▸ WORK REQUEST
Once "This is a cute" turns up in a line below, reproduce that line and those after it exactly, stopping after the line with "Drillingsblumen und Zypressen"; leave pictures out.

▸ PROVIDED RECORDS
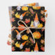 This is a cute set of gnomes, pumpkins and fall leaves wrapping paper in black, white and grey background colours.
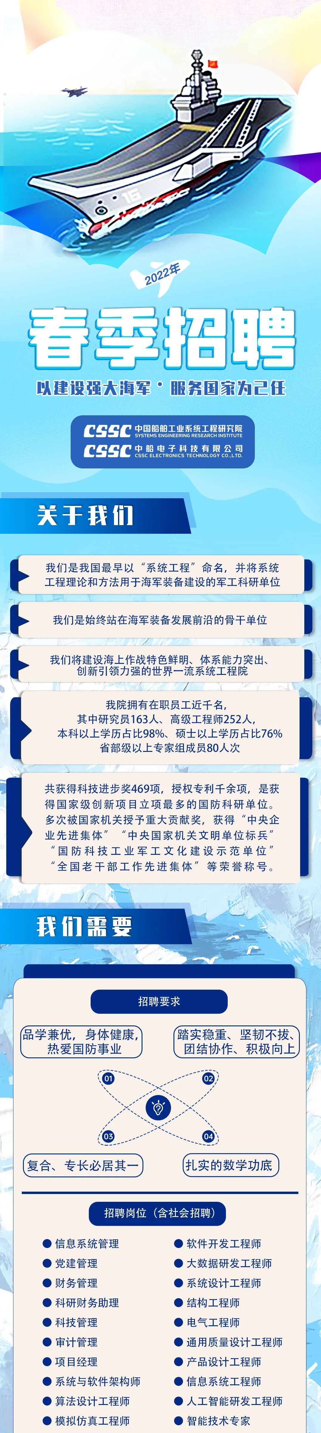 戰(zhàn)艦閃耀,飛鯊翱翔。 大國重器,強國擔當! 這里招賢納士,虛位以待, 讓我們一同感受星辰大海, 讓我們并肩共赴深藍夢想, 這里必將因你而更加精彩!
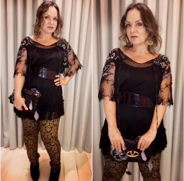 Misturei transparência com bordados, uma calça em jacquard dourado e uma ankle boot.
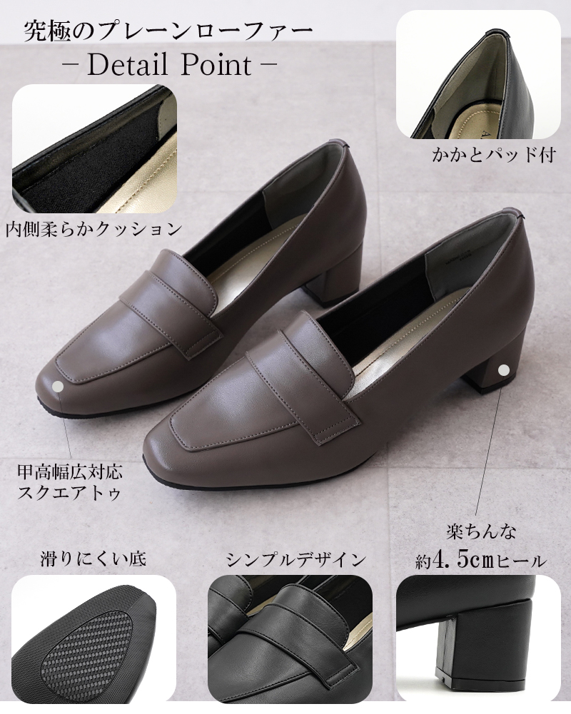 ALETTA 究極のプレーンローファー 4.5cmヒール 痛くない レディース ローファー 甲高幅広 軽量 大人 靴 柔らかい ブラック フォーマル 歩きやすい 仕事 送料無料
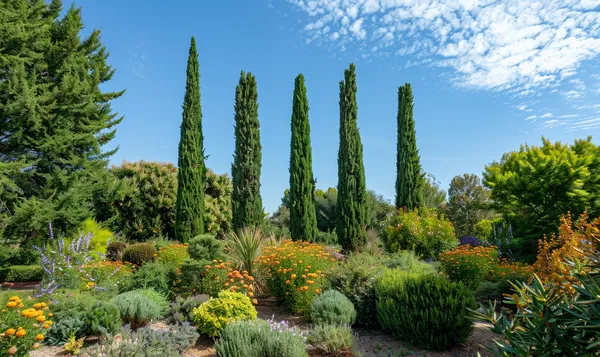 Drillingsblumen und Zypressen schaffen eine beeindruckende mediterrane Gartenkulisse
==
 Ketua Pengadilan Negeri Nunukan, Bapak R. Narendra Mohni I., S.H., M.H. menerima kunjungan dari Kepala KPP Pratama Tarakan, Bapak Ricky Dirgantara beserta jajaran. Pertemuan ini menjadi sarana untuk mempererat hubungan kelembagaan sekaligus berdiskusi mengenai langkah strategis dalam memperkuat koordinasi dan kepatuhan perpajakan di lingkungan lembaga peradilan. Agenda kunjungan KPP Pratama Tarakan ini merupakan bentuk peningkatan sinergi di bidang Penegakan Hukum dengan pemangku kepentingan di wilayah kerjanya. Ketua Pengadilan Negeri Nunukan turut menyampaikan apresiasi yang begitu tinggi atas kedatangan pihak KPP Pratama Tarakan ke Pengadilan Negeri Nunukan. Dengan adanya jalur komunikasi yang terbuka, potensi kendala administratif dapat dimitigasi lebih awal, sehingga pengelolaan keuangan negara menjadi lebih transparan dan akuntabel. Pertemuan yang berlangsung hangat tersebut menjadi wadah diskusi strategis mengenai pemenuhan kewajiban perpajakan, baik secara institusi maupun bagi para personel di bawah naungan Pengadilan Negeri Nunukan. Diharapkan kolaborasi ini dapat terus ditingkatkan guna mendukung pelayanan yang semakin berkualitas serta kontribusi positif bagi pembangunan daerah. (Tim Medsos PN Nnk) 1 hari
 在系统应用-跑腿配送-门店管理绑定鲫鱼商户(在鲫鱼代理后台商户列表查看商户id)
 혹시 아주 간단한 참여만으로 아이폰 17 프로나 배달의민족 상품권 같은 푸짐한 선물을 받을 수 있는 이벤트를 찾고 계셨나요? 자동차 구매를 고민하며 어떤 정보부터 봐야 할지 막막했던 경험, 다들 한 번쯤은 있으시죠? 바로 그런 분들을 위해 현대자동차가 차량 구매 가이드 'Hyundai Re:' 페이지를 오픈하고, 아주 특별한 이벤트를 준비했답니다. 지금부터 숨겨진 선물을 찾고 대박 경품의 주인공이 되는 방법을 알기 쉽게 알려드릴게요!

▸ TASK RESULT
 This is a cute set of gnomes, pumpkins and fall leaves wrapping paper in black, white and grey background colours.
 戰(zhàn)艦閃耀,飛鯊翱翔。 大國重器,強國擔當! 這里招賢納士,虛位以待, 讓我們一同感受星辰大海, 讓我們并肩共赴深藍夢想, 這里必將因你而更加精彩!
 Misturei transparência com bordados, uma calça em jacquard dourado e uma ankle boot.
 ALETTA 究極のプレーンローファー 4.5cmヒール 痛くない レディース ローファー 甲高幅広 軽量 大人 靴 柔らかい ブラック フォーマル 歩きやすい 仕事 送料無料
 Drillingsblumen und Zypressen schaffen eine beeindruckende mediterrane Gartenkulisse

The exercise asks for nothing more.